→ PROBLEM DETAILS: Set down each record that follows exactly. Drop the images.

***** MATERIAL PROVIDED *****

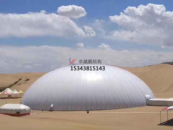 該氣膜基礎(chǔ)結(jié)構(gòu)為鋼筋混凝土基礎(chǔ),維護(hù)結(jié)構(gòu)和頂部由內(nèi)外膜材及保溫材料組成。周邊膜體直接與地梁連接。采用連續(xù)性供風(fēng)方式,向膜體覆蓋的面積內(nèi)充氣,利用室內(nèi)外壓力差,使膜結(jié)構(gòu)膨脹之后形成穩(wěn)定的空氣支撐結(jié)構(gòu)。內(nèi)部無任何框架或梁柱支撐。充氣膜結(jié)構(gòu)建筑配有先進(jìn)的自動(dòng)控制系統(tǒng),主供風(fēng)機(jī)組為1-2臺(tái)風(fēng)機(jī),一臺(tái)發(fā)電機(jī),停電時(shí)能自動(dòng)啟動(dòng)的發(fā)電機(jī),保障正常供風(fēng)和安全照明。
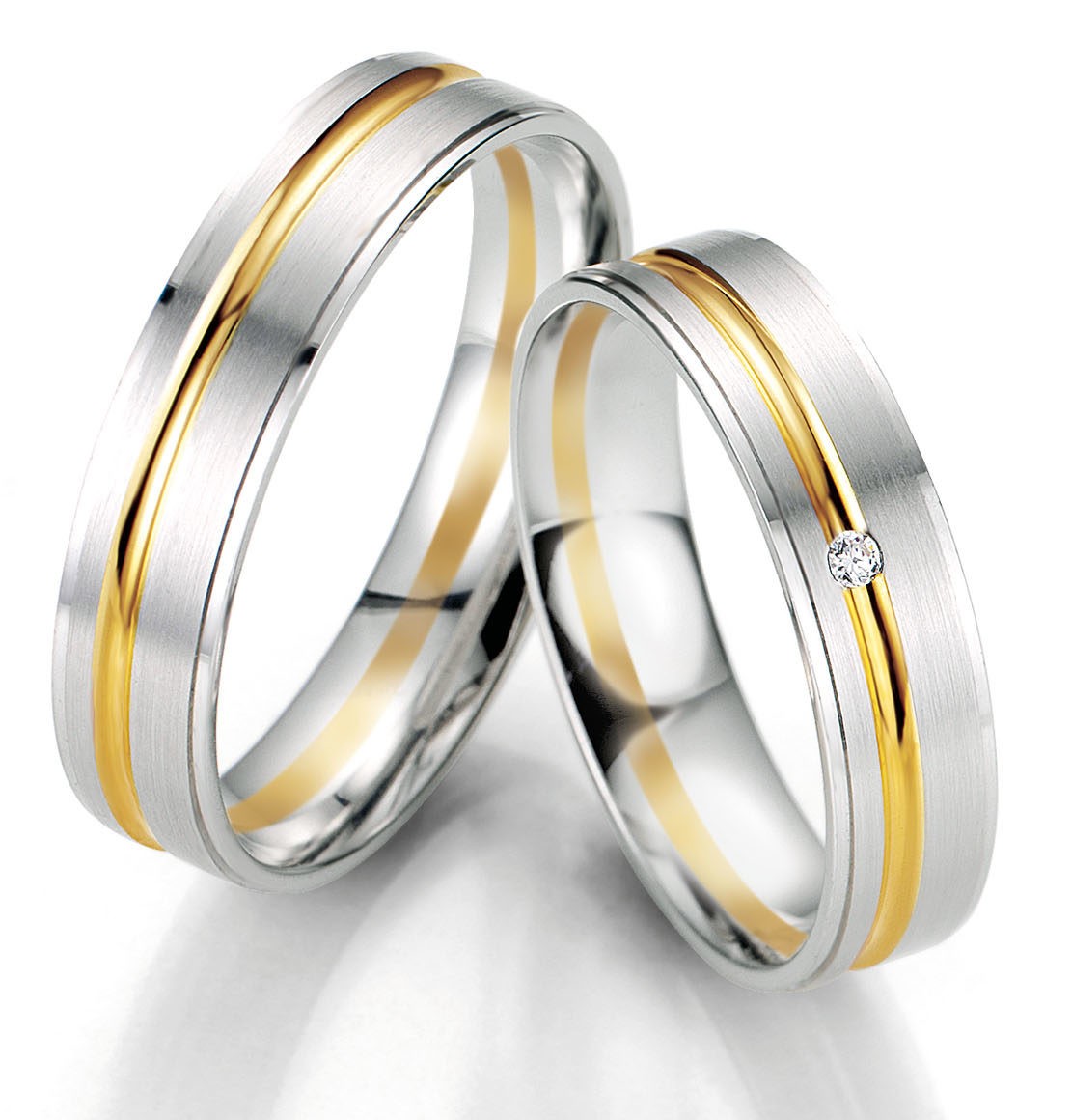 Ein Paar Weißgold und Gelb Trauringe 585/14 Karat oder 750/18 Karat. Die Breite des Ringes beträgt 5,0 mm und 0,015 Karat Diamanten auf dem weibliche Modell.
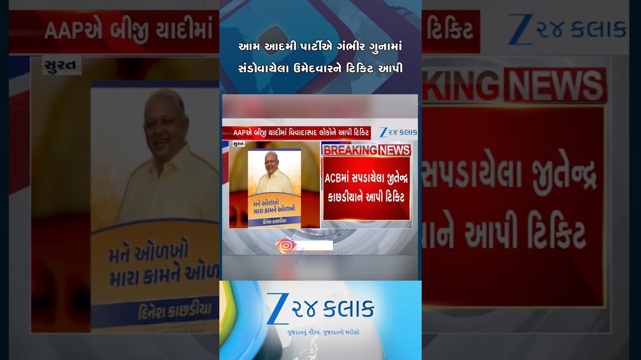 #Zee24Kalak AAPએ ગંભીર ગુનામાં સંડોવાયેલા ઉમેદવારને આપી ટિકિટ,સુરતમાં ભારે વિરોધ બાદ પાર્ટીએ બદલી નાખ્યા ઉમેદવાર
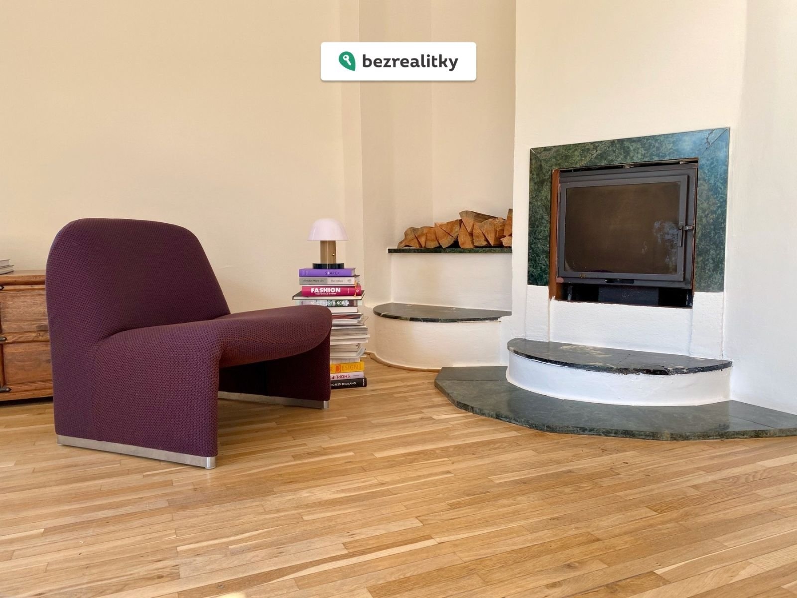 Sníte-li o krbu, vaše touhy budou v prostorném a vzdušném obývacím pokoji s terasou s výhledem do protilehlých kopců, plně saturovány. Navíc dřevo na jednu sezónu je k dispozici v ceně domu ;-) Zároveň v obývacím pokoji najdete i úkryt před letními parny; i v těch nejvyšších teplotách okolo 40°C je zde stabilních a snesitelných 24 °C.
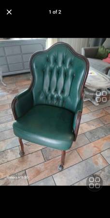 Antique Wingback swivel leather with qood frame arm chair by gassey
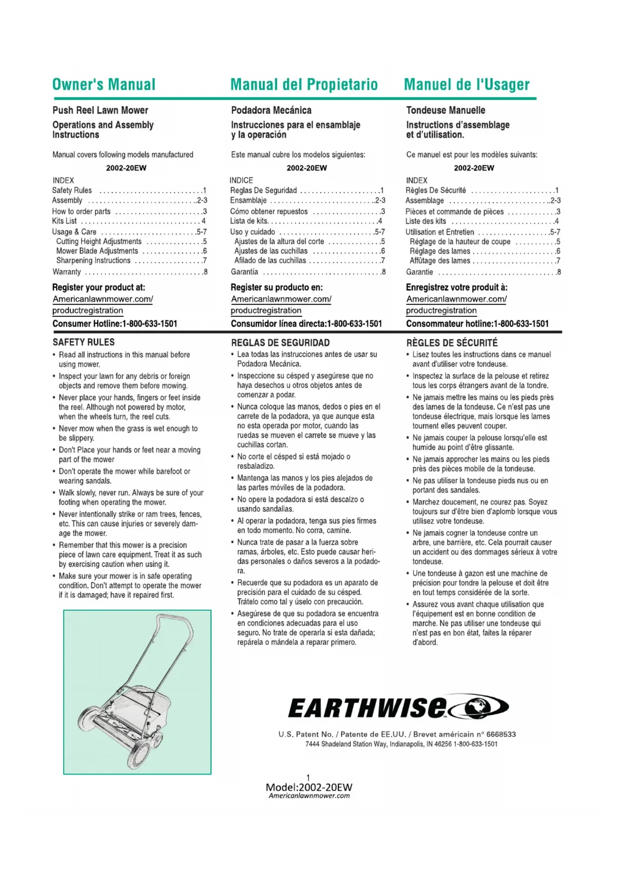 Retrouvez gratuitement la notice de l'appareil 2002-20EW Earthwise au format PDF.

*****

→ WRITTEN ANSWER:
 該氣膜基礎(chǔ)結(jié)構(gòu)為鋼筋混凝土基礎(chǔ),維護(hù)結(jié)構(gòu)和頂部由內(nèi)外膜材及保溫材料組成。周邊膜體直接與地梁連接。采用連續(xù)性供風(fēng)方式,向膜體覆蓋的面積內(nèi)充氣,利用室內(nèi)外壓力差,使膜結(jié)構(gòu)膨脹之后形成穩(wěn)定的空氣支撐結(jié)構(gòu)。內(nèi)部無任何框架或梁柱支撐。充氣膜結(jié)構(gòu)建筑配有先進(jìn)的自動(dòng)控制系統(tǒng),主供風(fēng)機(jī)組為1-2臺(tái)風(fēng)機(jī),一臺(tái)發(fā)電機(jī),停電時(shí)能自動(dòng)啟動(dòng)的發(fā)電機(jī),保障正常供風(fēng)和安全照明。
 Ein Paar Weißgold und Gelb Trauringe 585/14 Karat oder 750/18 Karat. Die Breite des Ringes beträgt 5,0 mm und 0,015 Karat Diamanten auf dem weibliche Modell.
 #Zee24Kalak AAPએ ગંભીર ગુનામાં સંડોવાયેલા ઉમેદવારને આપી ટિકિટ,સુરતમાં ભારે વિરોધ બાદ પાર્ટીએ બદલી નાખ્યા ઉમેદવાર
 Sníte-li o krbu, vaše touhy budou v prostorném a vzdušném obývacím pokoji s terasou s výhledem do protilehlých kopců, plně saturovány. Navíc dřevo na jednu sezónu je k dispozici v ceně domu ;-) Zároveň v obývacím pokoji najdete i úkryt před letními parny; i v těch nejvyšších teplotách okolo 40°C je zde stabilních a snesitelných 24 °C.
 Antique Wingback swivel leather with qood frame arm chair by gassey
 Retrouvez gratuitement la notice de l'appareil 2002-20EW Earthwise au format PDF.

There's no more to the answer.